Race Proceeds To Benefit Augusta Levy
WHEELING – Proceeds from this year’s Ogden Newspapers Half Marathon Classic Run and Walk will help the Augusta Levy Learning Center carry out its mission of helping children with autism reach their fullest potential and grow up to lead productive lives.
Organizers of the 37th annual distance race, set for May 24-25 on the streets of Wheeling, have chosen to partner with the North Wheeling center, marking the fourth year the Ogden race has donated its proceeds to a local charitable cause that benefits the area’s youth. The race in previous years has donated its proceeds and given support to the Miracle Field of the Ohio Valley and the Howard Corcoran Scholarship Fund through the Super Six Committee.
“Over the past three years, the race has been able to support projects that benefit the youth of the Ohio Valley,” said Perry Nardo, general manager of The Intelligencer and Wheeling News-Register. “Autism has become a growing concern in our nation, and we believe the support the race can give will be a springboard for the future advancement of their program.”
Fifteen children ranging in age from 17 months to 6 years old receive therapy at the center, which was the first of its kind in West Virginia when it opened in 2005. When they enter the program, most children are non-verbal, unable to communicate their most basic wants and needs – but Augusta Levy Learning Center Executive Director Kathy Shapell said two-thirds of Augusta Levy graduates are now achieving success in regular classrooms.
“We’re extremely grateful for the opportunity for this partnership, and we look forward to participating in the Ogden race activities,” Shapell said.
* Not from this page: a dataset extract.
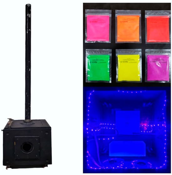 (Left): custom-constructed apparatus to estimate settlement velocity of small particles in ambient air (tube length = 99 cm × 5.7 cm diameter pipe, chamber = 25.5 cm × 30.5 cm × 30.5 cm). (Upper right): example of some TechnoGlow™~5–50 µm UV fluorescent particle colors. (Bottom right): inside view of the apparatus chamber lined with long-wave UV LED light strip tape turned on.
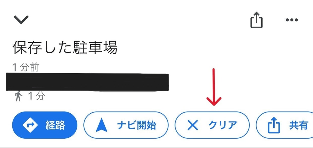 用事が済んで駐車位置を消したいときは、ピンマークを再度タップし、メニューから「クリア」を選べばOKです。

Race Director R. “Scat” Scatterday has personal knowledge of the center’s impact. He has a family member that went from being a completely non-communicative child to an inquisitive, active learner after going through the program.
“Consistent with the philosophy of the Ogden Half Marathon Classic, it’s an honor and a privilege to partner with this organization that has proven results and improves quality of life on an individual basis,” said Scatterday.
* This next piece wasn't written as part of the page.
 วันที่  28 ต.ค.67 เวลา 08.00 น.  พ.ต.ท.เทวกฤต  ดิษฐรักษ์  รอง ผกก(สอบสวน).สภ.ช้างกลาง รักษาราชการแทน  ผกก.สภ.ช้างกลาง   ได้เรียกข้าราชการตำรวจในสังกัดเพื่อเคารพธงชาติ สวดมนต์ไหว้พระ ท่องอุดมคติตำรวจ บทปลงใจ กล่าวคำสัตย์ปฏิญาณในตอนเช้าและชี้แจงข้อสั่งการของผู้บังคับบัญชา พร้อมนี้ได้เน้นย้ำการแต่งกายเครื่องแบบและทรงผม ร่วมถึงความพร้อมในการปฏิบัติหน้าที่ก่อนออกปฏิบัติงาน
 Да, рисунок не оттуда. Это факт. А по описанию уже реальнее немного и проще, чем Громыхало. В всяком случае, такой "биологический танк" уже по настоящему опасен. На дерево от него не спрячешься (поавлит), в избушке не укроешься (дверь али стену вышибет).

Augusta Levy uses the applied behavior analysis approach, which takes relatively simple, measurable behaviors and breaks them down into small steps taught through one-on-one instruction and positive reinforcement. Students receive 35 hours of therapy per week, year-round.
Shapell said the most rewarding part of her job is when the sounds of unbridled celebration that always accompany a child’s major breakthrough reach her office.
One of those priceless moments happened just recently with a young boy whose struggle with autism is compounded by fragile health. In January, he and his teacher set a goal for him to be able to walk by Christmas.
“Right before Thanksgiving, he took his first independent step. His parents were told he would never walk,” Shapell said. “Someone gave up on this child at 3 or 4 years old. … It’s very powerful. That’s what motivates me to do what I do.”
The center receives minimal financial support from the government. About one-third of its budget comes from private tuition and insurance payments, and most of the rest comes from private donors and foundations and through internal fundraising efforts.
There is a long waiting list for admission to the center. That’s difficult for Shapell to accept because the earlier an autistic child begins receiving intensive, one-on-one therapy, the better his or her chance is for a positive outcome – and it’s a constant challenge, she said, to generate enough funds to continue working with those children they have been able to admit.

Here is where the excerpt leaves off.